Substituting (2) in the above equation,

$i=\frac{d}{dt}\left( Cv \right)$ …. (3)

$i=\frac{d}{dt}C{{v}_{m}}\sin \omega t=C{{v}_{m}}\frac{d}{dt}\sin \omega t$

$i=\omega C{{v}_{m}}\cos \omega t=\frac{{{V}_{m}}}{1/\omega C}\sin \left( \omega t+\frac{\pi }{2} \right)$

$i=\frac{{{V}_{m}}}{{{X}_{C}}}\sin \left[ \omega t+\frac{\pi }{2} \right]$ …. (4)

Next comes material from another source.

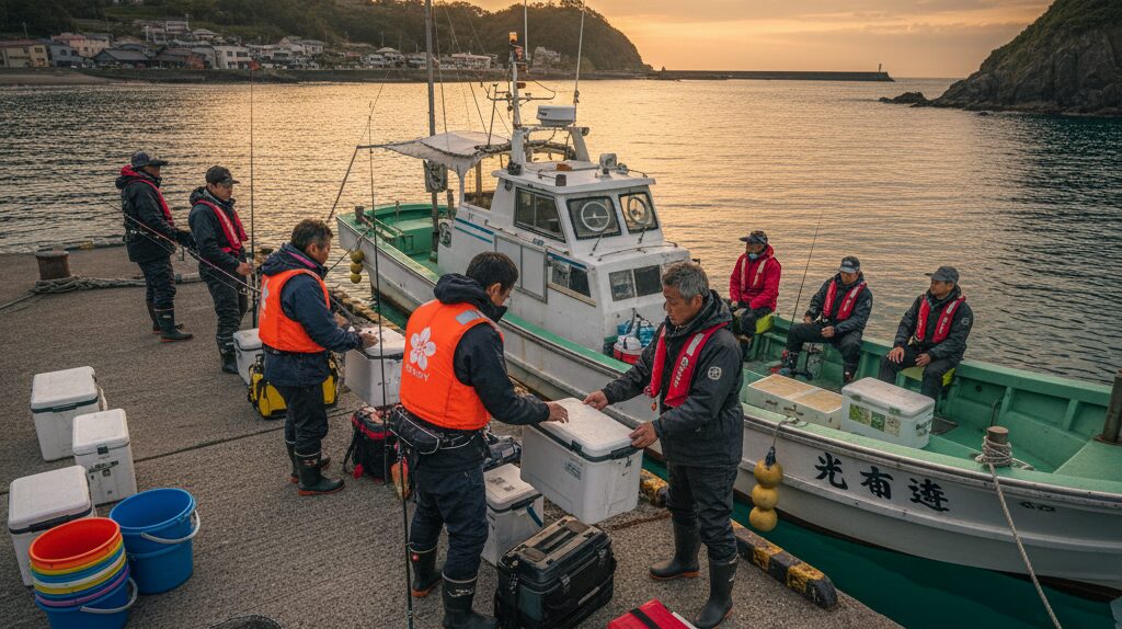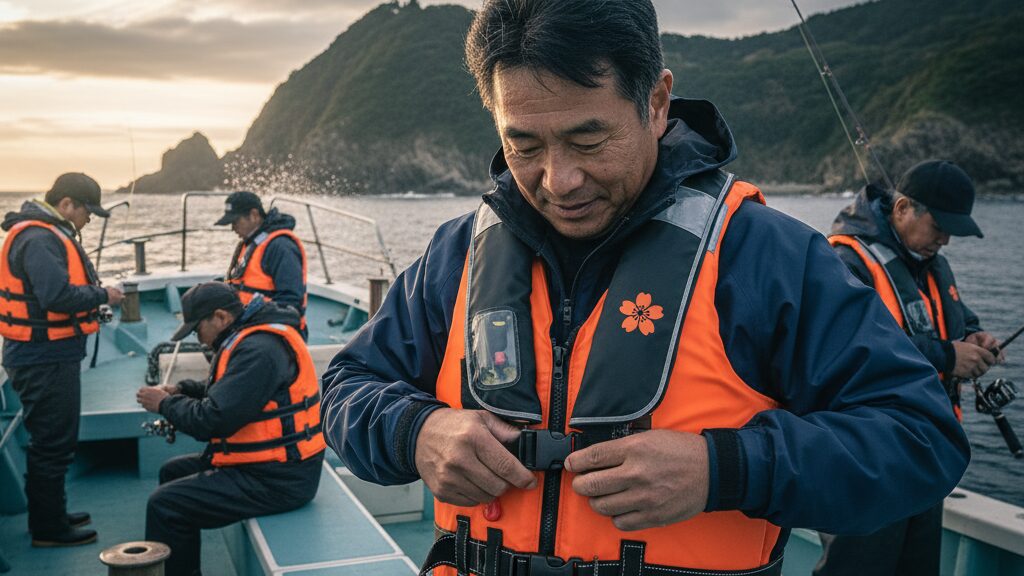 1. 乗船中(船室外): 船に乗っている間(船室の外にいる間)は、国土交通省認定品(桜マーク付き)のライフジャケット着用が法律で義務付けられています。これを持っていない、または着用していない場合、乗船を断られる可能性が極めて高いです。タイプAのものが推奨されます。(出典:水産庁「遊漁船の安全対策について」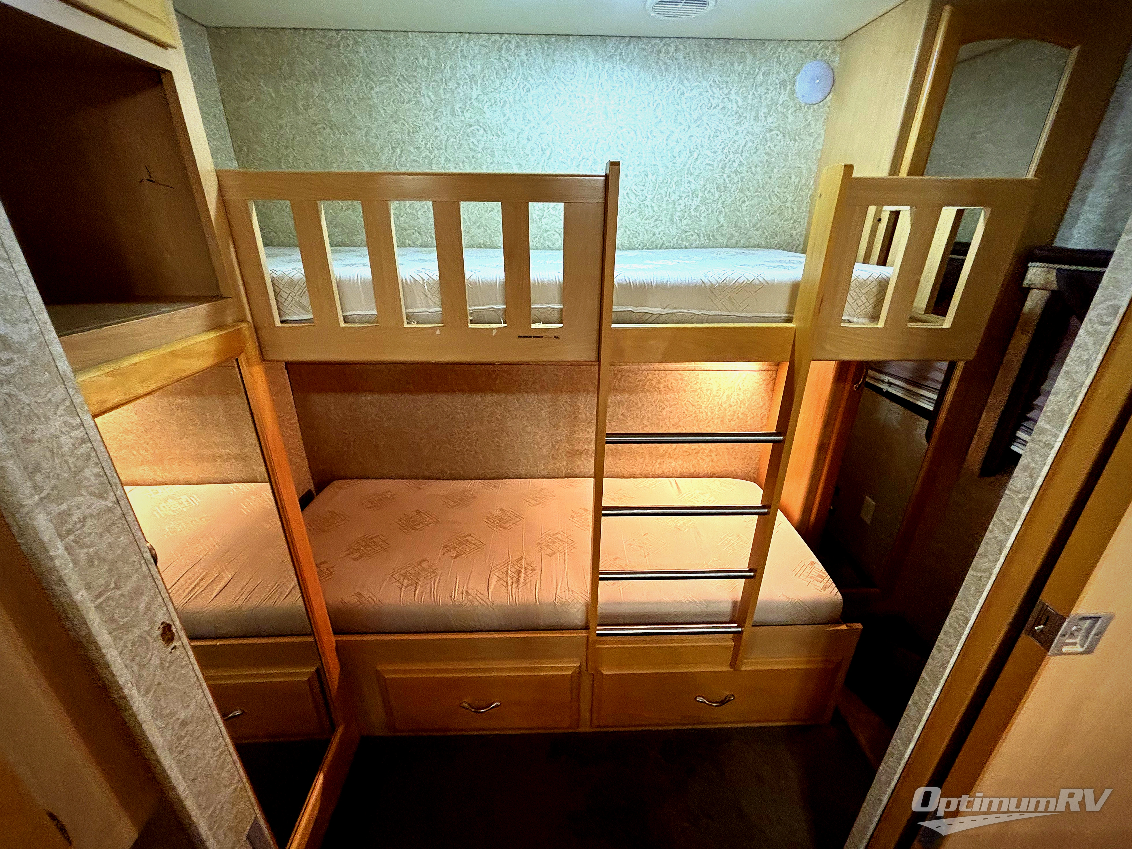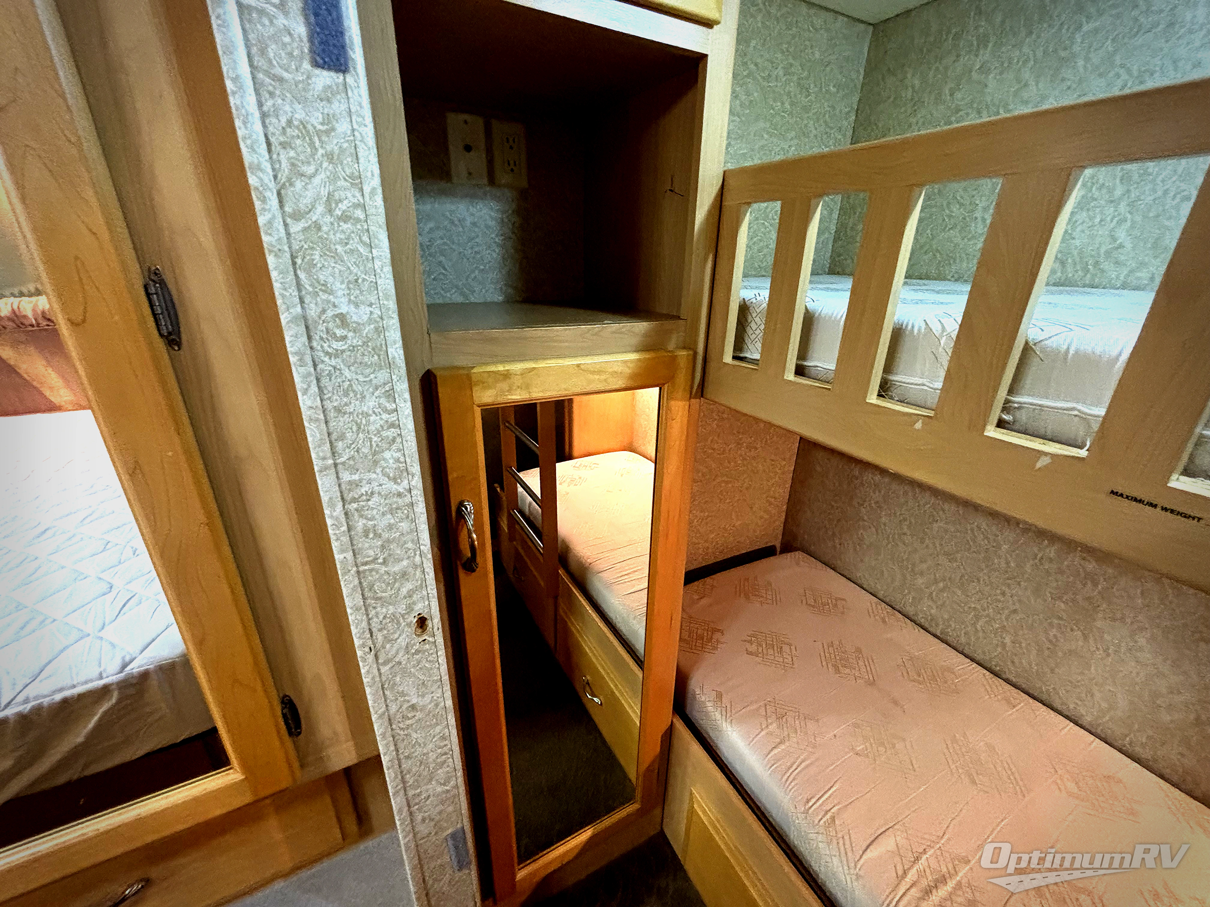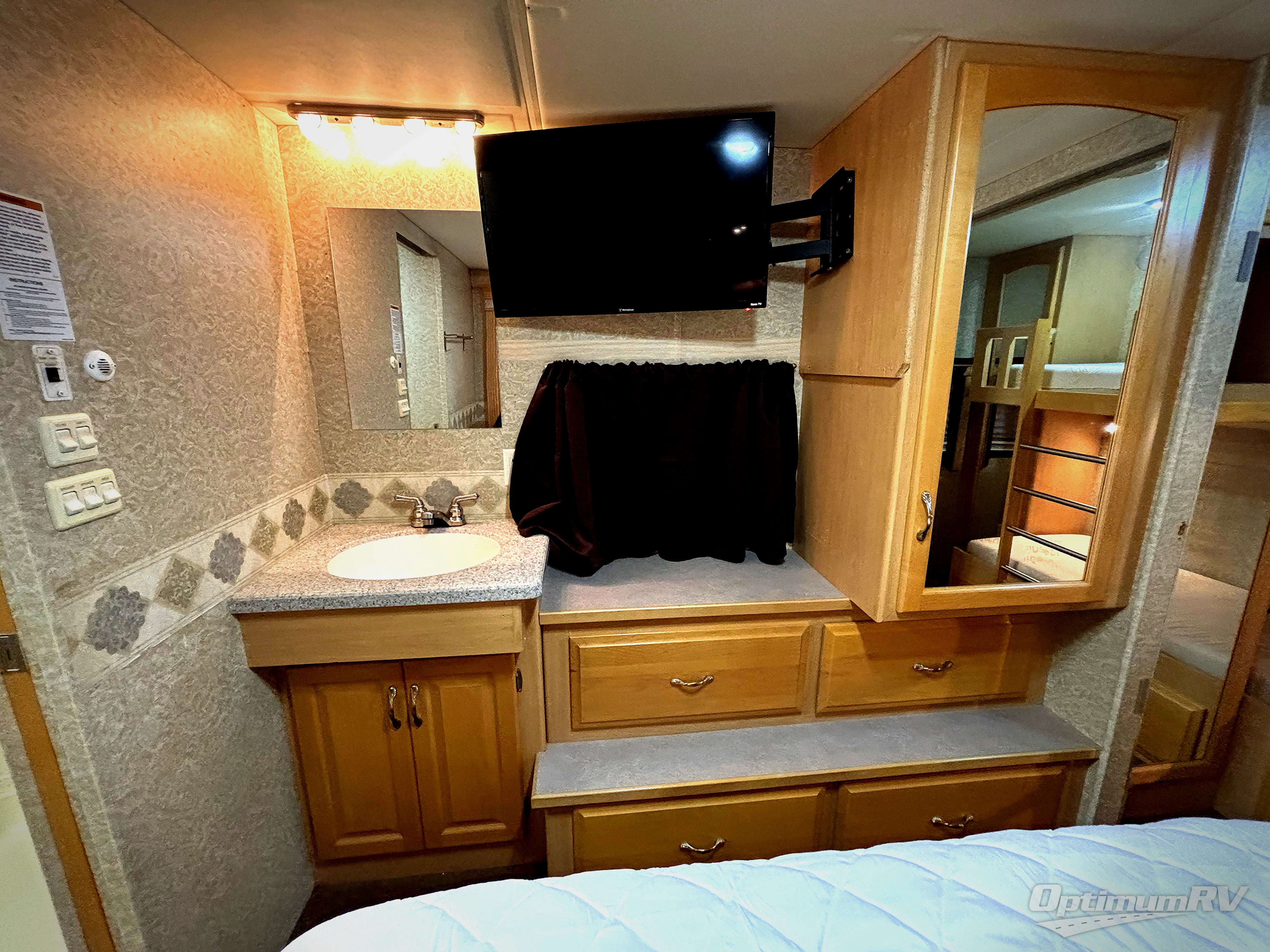 Double Slide, Rear Bunkhouse w/Wardobes & TV, Rear Side Queen Bed Slide, Chest of Drawers Below Shirt Wardrobe & TV, Lav., Shower, Seperate Stool Room w/Linen Cab., & Lav., Dry Sink, Booth Dinette & Sofa Slideout, Recliner, TV Above Cab Area, Double Kitchen Sink, Refrig., 3 Burner Range & More.

where is ${{X}_{C}}=1/\omega C$ the capacitive reactance

Current will be maximum when  $\sin \left( \omega t+\frac{\pi }{2} \right)=1$. Hence,

${{I}_{m}}=\frac{{{V}_{m}}}{{{X}_{C}}}$

On substituting this in (4) we get,

$i={{I}_{m}}\sin \left( \omega t+\frac{\pi }{2} \right)$

The instantaneous power in the capacitor P = VI

$P=\left( {{V}_{m}}\sin \omega t \right){{I}_{m}}\sin \left( \omega t+\frac{\pi }{2} \right)$

$P={{V}_{m}}{{I}_{m}}\sin \omega t\cos \omega t$

$P=\frac{{{V}_{m}}}{\sqrt{2}}\frac{{{I}_{m}}}{\sqrt{2}}\sin 2\omega t$

Or P = 0, i.e., average power consumption in a purely inductive circuit is zero.

Summary

In order to understand a general AC circuit, the capacitance, inductance, and resistance factors must be studied in isolation. It will yield important results about the relationship between current and voltage, the phase difference, and the average power consumption.